USD dominance under threat as digital currencies look to transform global financial system
Is the dominance of the greenback under threat as digital currencies look to transform global financial system? A fundamental transformation of the global financial system may be underway as the adoption of digital currencies gains traction among governments and central banks across the world, Dave Michaels and Paul Vigna write in the Wall Street Journal. Although central banks already issue a form of digital money to commercial banks, the radical idea of digitizing national currencies is an entirely different ball game. Central banks in Sweden, Canada, Switzerland, the Eastern Caribbean, and at the lead, China, are among those exploring how digital currencies could fit into their own financial systems. How the system would be implemented is still a mystery, but the implications could be profound, affecting commerce, interest rates, banking, trade, and individual privacy.
This spells trouble for the USD status quo. The growth of national digital currencies — faster and cheaper than conventional money — threatens to undermine the USD’s reserve currency status. Michaels and Vigna suggest that this could trigger a new type of currency war, pitting digital currencies against USD supremacy. While the USD dominance in international trade once made sense when the US accounted for over a quarter of global trade, the status quo no longer fits in a world where the US only produces 8.8% of the world’s exports. Central bankers are slowly beginning to acknowledge this reality, with Bank of Governor Mark Carney calling for a paradigm shift at last month’s Federal Reserve Symposium in Jackson Hole.

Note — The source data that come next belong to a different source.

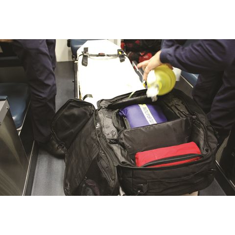 バッグの中にもストラップがあり、荷崩れを防止します。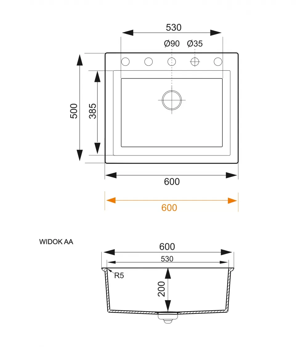 - Otwory w zlewozmywaku: standardowo brak – wykonujemy otwory na indywidualne życzenie (informacja w wiadomości do sprzedającego podczas składania zamówienia)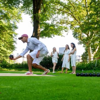 Lawn bowling or, bocce ball, can be traced back to the 13th century, but it still holds up today. It is a fun and easy game to play for amusement, socializing and a little competition. Weβll teach you all you need to know and get to playing several rounds right away. Space is limited to 8 people. Following the games, the group will sit and enjoy socializing in the park. The team with the most large balls closest to the smaller balls wins!
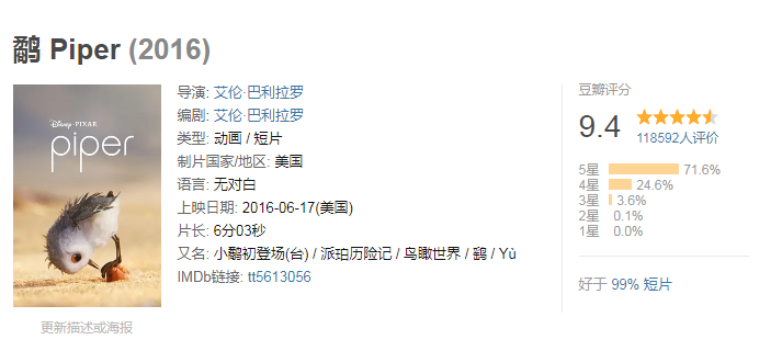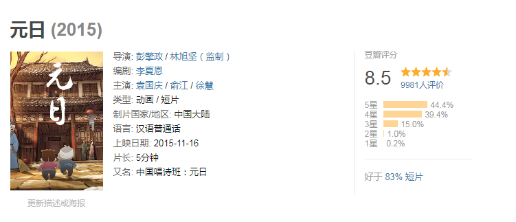 该片单集片长5分钟,内容既有萌系的治愈,又传达了“善”和“爱”,非常推荐。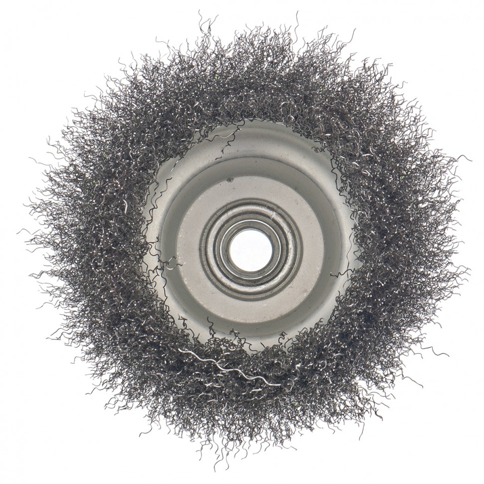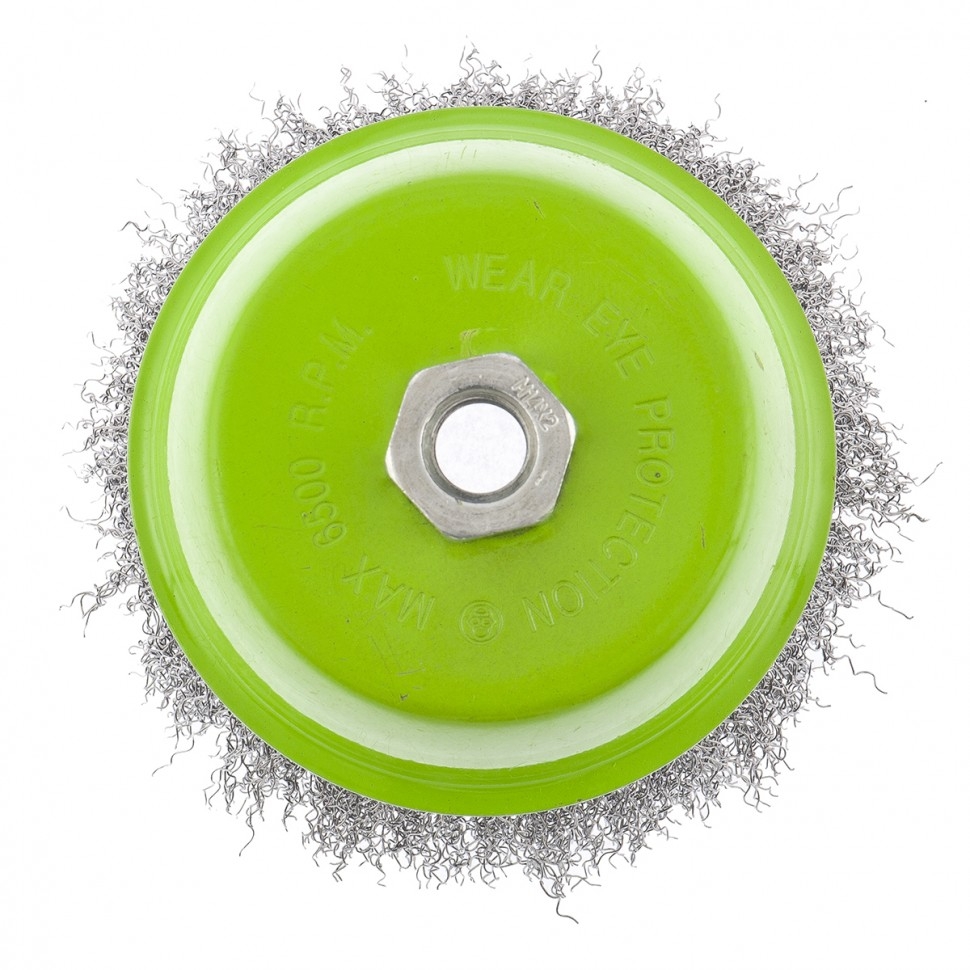 Щетка для УШМ Сибртех «чашка» 746067, М14, диаметром 125 мм, с щетиной из витой проволоки 0,3 мм, предназначена для постепенного снятия тонкого слоя материала с металлических, деревянных и пластиковых поверхностей. Удаляет ржавчину, загрязнения, а также остатки краски и других покрытий. Подходит для обработки участков значительной площади. Щетку устанавливают на вал углошлифовальной машины (УШМ), рекомендуемая максимальная скорость вращения 6500 об/мин. Работать с оснасткой следует в спецодежде. Преимущества Деформационная стойкость щетины — витая проволока принимает исходную форму после снятия нагрузок. Защита от коррозии — корпус покрыт эмалью, а на щетину нанесено техническое масло. Быстрая установка и замена насадки — щетка крепится на вал УШМ при помощи гайки М14.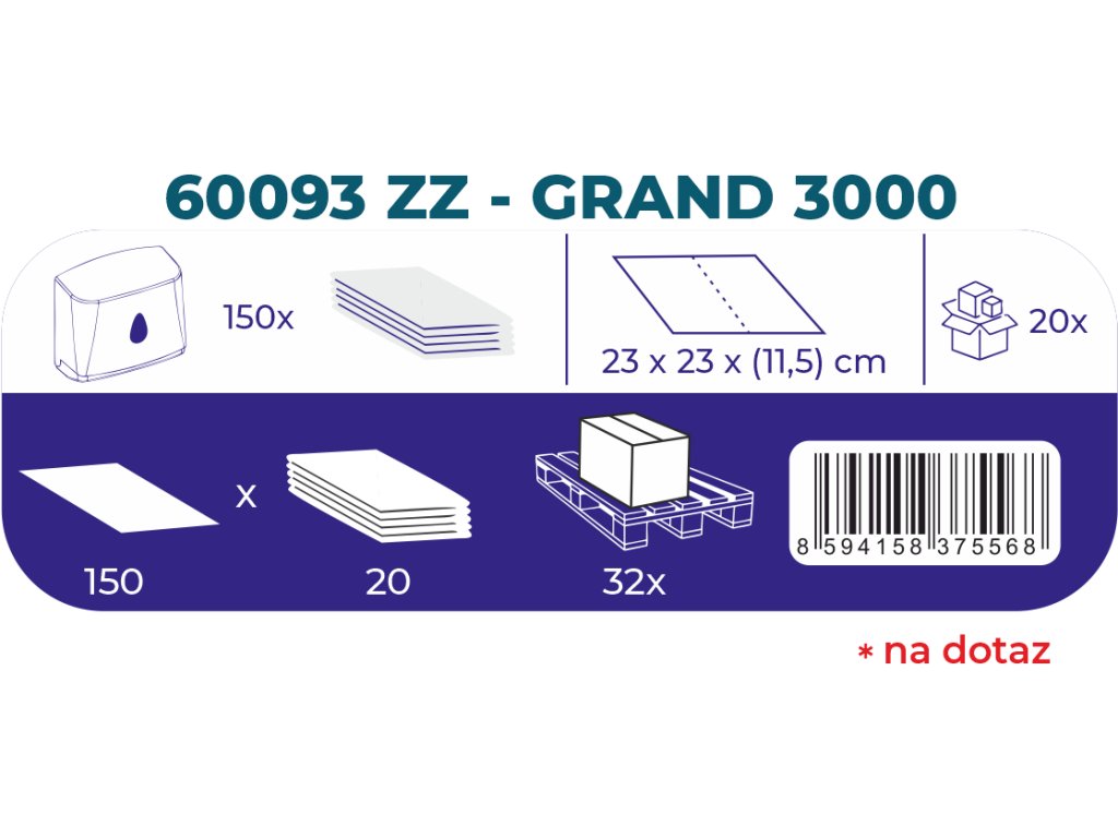 Rozměr listu: 23 × 23 cm – univerzální velikost pro zásobníky typu ZZ (V-skládání), umožňuje snadné a hygienické dávkování.

Is Facebook’s Libra the spark? It may have been Facebook’s unveiling of its Libra cryptocurrency that spurred policymakers into considering state-backed digital currencies, according to the Financial Times. Regulators have pushed back hard against the idea that a privately-issued means of transaction could perhaps supersede state-controlled currencies, and G7 countries are now rapidly working to produce a response. Central banks, meanwhile, have been researching the idea for years, with some more circumspect than others. Sweden’s Riksbank has been one of the leaders in the field, and is about to test an “e-krona” in response to falling use of cash. There is more concern in the Eurozone about how a digital currency would impact its banking sector, given its reliance on banks to transfer finance between savers and borrowers.